-------- DATASET SECTION --------

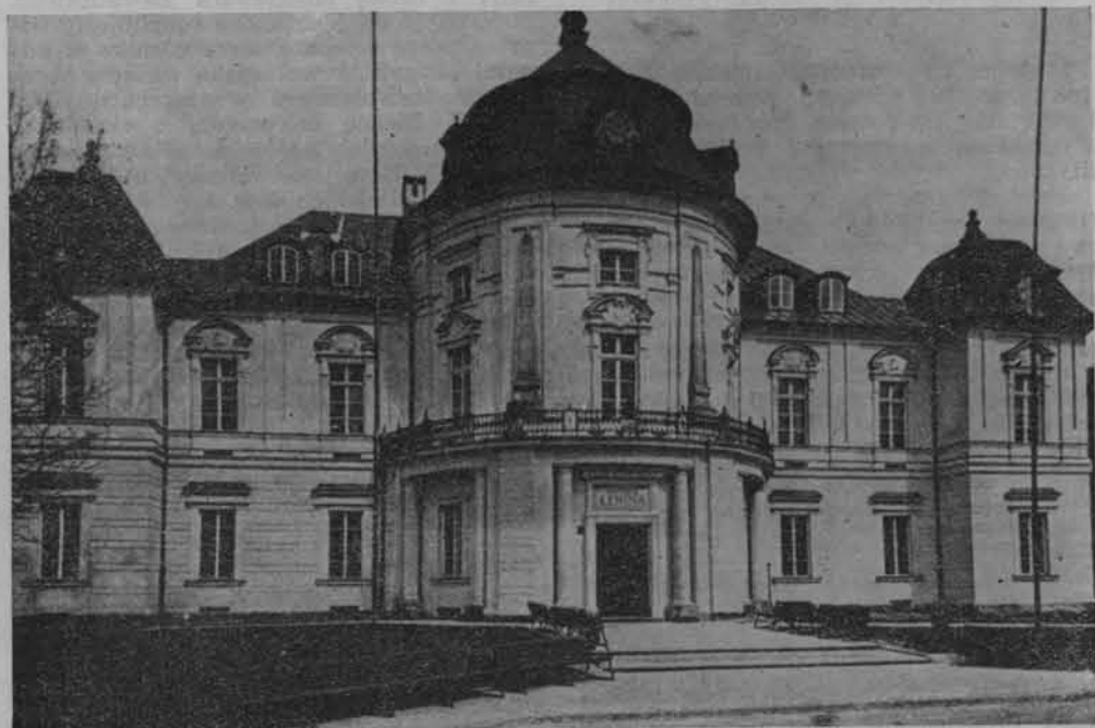
Muzeum Lenina w Warszawie. Budynek zabytkowy, dawny pałac zbudowany przez M. Przebendowskiego na początku XVIII wieku — styl późny barok

Muzeum to zostało otwarte w 30 rocznicę śmierci Lenina. Ekspozycja pt. „Życie i działalność W. I. Lenina” ma charakter biograficzny i obejmuje lata
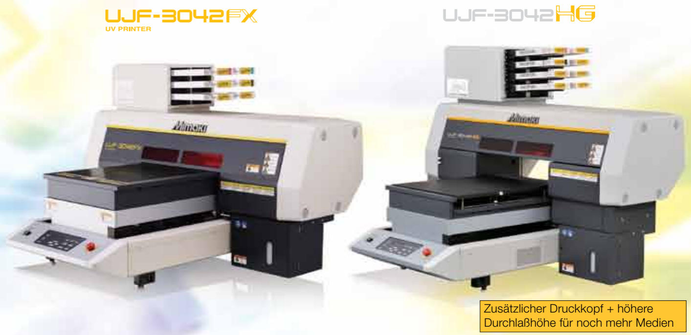
Zusätzlicher Druckkopf + höhere Durchlaßhöhe für noch mehr Medien
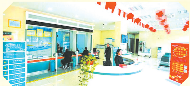
▲ 温馨亮丽的“暖心厅堂”

--------

YOUR ASSIGNMENT:
Retype the whole listing word for word. Skip the pictures.

TASK ANSWER:
Muzeum Lenina w Warszawie. Budynek zabytkowy, dawny pałac zbudowany przez M. Przebendowskiego na początku XVIII wieku — styl późny barok

Muzeum to zostało otwarte w 30 rocznicę śmierci Lenina. Ekspozycja pt. „Życie i działalność W. I. Lenina” ma charakter biograficzny i obejmuje lata
Zusätzlicher Druckkopf + höhere Durchlaßhöhe für noch mehr Medien
▲ 温馨亮丽的“暖心厅堂”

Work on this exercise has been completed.